After successfully loading our model, here are the results obtained from our fine-tuned model :
Generated Description: {‘Describe the damage to the car.’: ‘The image shows the front view of a brown car with visible damage. The front bumper is severely damaged, with visible scratches and dents. The headlight and grille are also damaged, indicating a significant impact. The car appears to be parked on a white surface, possibly a garage or workshop. The damage is likely to the front of the car, specifically the front grille and bumper area.’}
We evaluated the test image using the Florence-2-base model without any fine-tuning:
Generated Description: {‘Describe the damage to the car.’: ‘the car is on the floor and there is a wall in the background. The car appears to be a Toyota Innova Crysta.’}
We also evaluated on Florence-2-large model without any fine-tuning:
Generated Description: {‘Describe the damage to the car.’: ‘The image shows a brown car parked in front of a gray wall. The car appears to be in a state of disrepair, with rust and dents visible on the body.’}
For comparison, we evaluated our custom fine-tuned model with unfrozen image encoders.
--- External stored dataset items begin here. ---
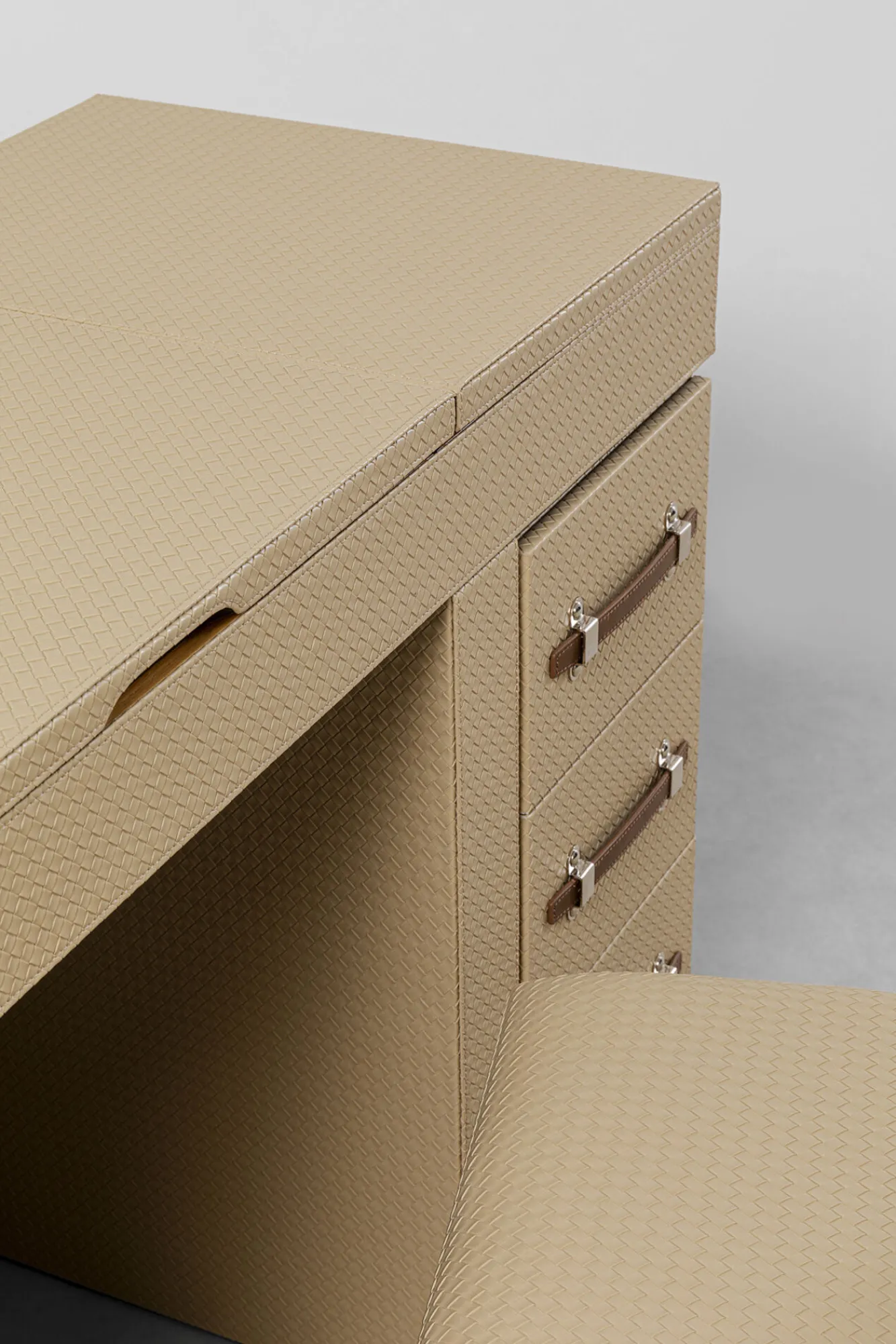Materiały: płyta MDF, sklejka jesionowa fornirowana, stal cynkowana, ekoskóra (PU), lustro.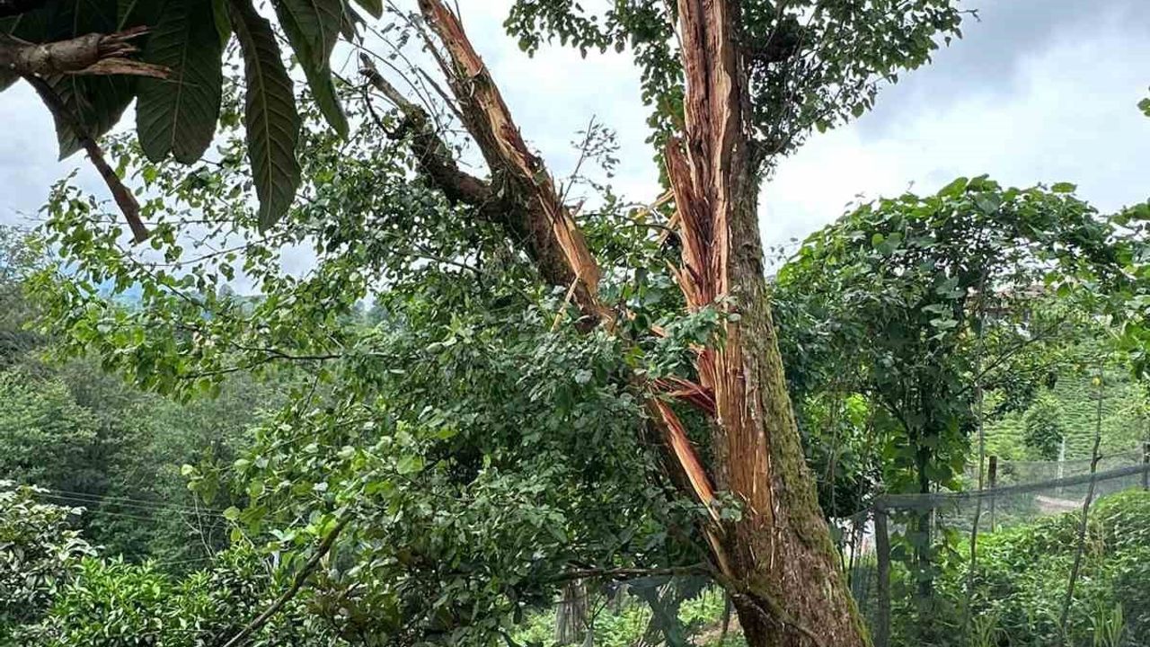 RİZE’DE YILDIRIM DÜŞMESİ SONUCU ARMUT AĞACI ORTADAN İKİYE BÖLÜNDÜ.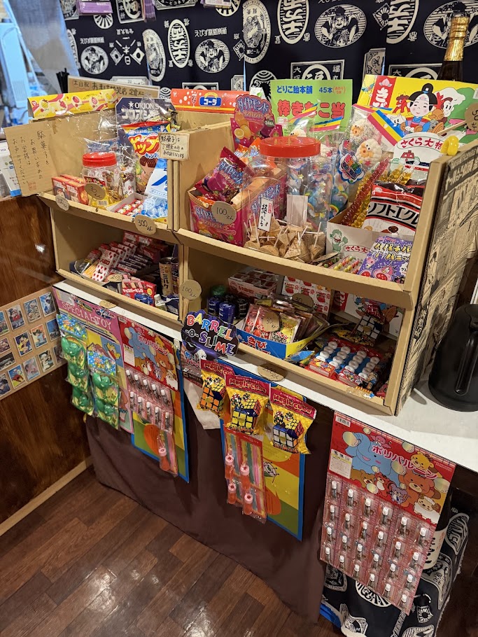店内にはこんな感じの飾りがあって、駄菓子屋感を演出。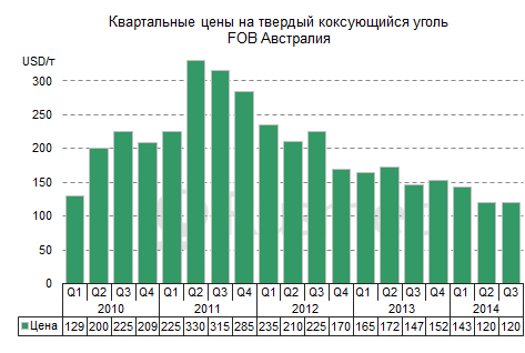 /Rusmet.ru, Виктор Тарнавский/ Мировые цены на коксующийся уголь практически непрерывно снижаются на протяжении более трех лет. С тех пор, как этот материал достиг пика во втором квартале 2011 года на уровне $330 за т FOB Австралия, котировки идут под уклон. В первой половине сентября 2014 года «твердый» австралийский коксующийся уголь продавался несколько дешевле $110 за т FOB Австралия или $122-124 за т CFR Китай, потеряв в цене около $10 за т с начала третьего квартала.
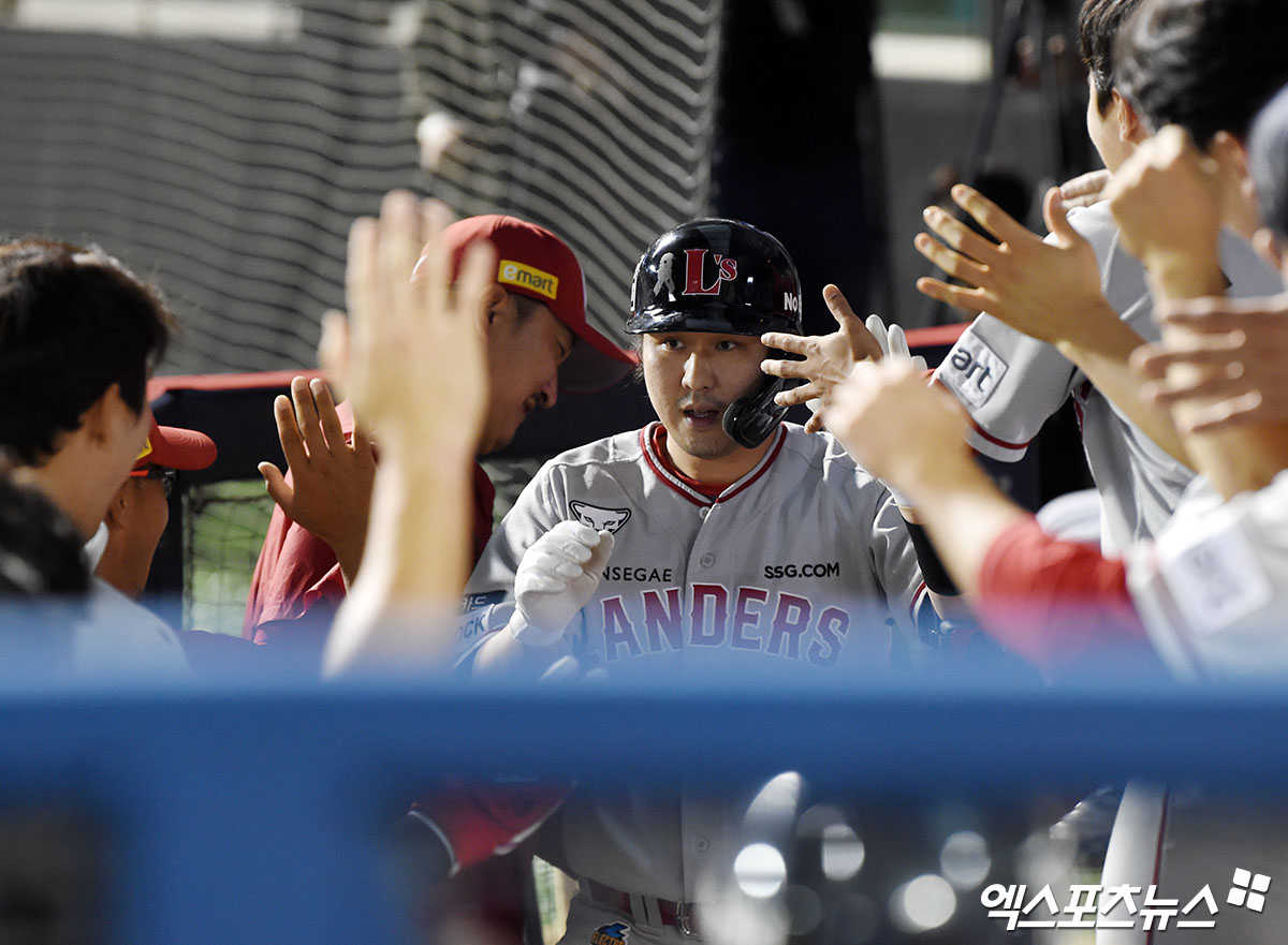 (엑스포츠뉴스 잠실, 김한준 기자) 7일 오후 서울 송파구 잠실야구장에서 열린 '2022 신한은행 SOL KBO리그’ SSG 랜더스와 LG 트윈스의 경기, 9회초 1사 SSG 최정이 솔로 홈런을 날린 후 더그아웃에서 축하를 받고 있다.
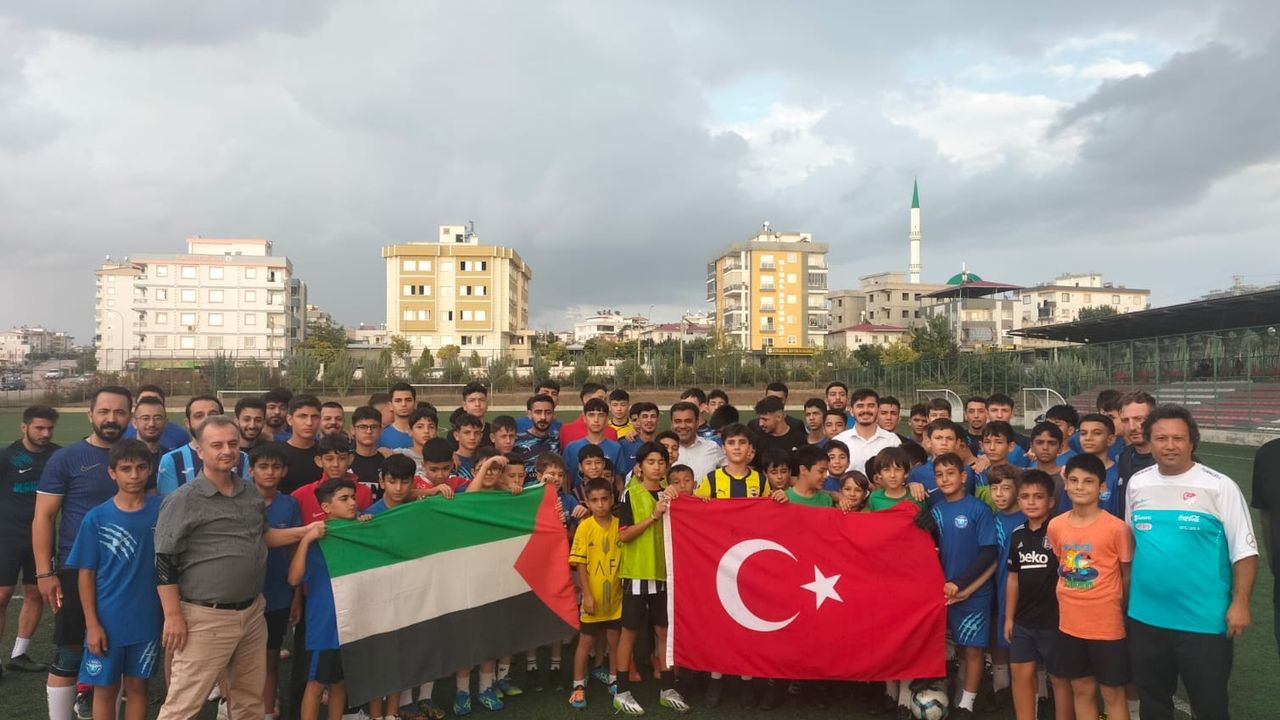 OSMANİYE (AA) - Osmaniye'nin Kadirli ilçesinde 1. Amatör Küme takımlarından 7 Mart Kadirli Demirspor oyuncuları antrenmana Türk ve Filistin bayraklarıyla çıktı.

Generated Description: {‘Describe the damage to the car.’: ‘The image shows the front view of a brown car, specifically the front part of the vehicle. The car appears to be in a state of disrepair, with the front grille and headlights severely damaged. The damage is located on the left side of the front bumper, with some areas of the headlight and bumper missing. The front bumper is also damaged, with visible signs of wear and tear. The vehicle is parked on a white surface, and the background is a plain grey color.’}
Conclusion
The above findings shows after comparing the frozen and unfrozen layer models with Florence-2-base and Florence-2-large our model performed fairly well. We enhanced our model for a particular use case, even with a smaller dataset of only 125 samples and less computational power. This highlights the capabilities of Microsoft’s Florence-2-base, which can easily outperform larger models on a range of computer vision and vision-language tasks with just 0.23 billion parameters.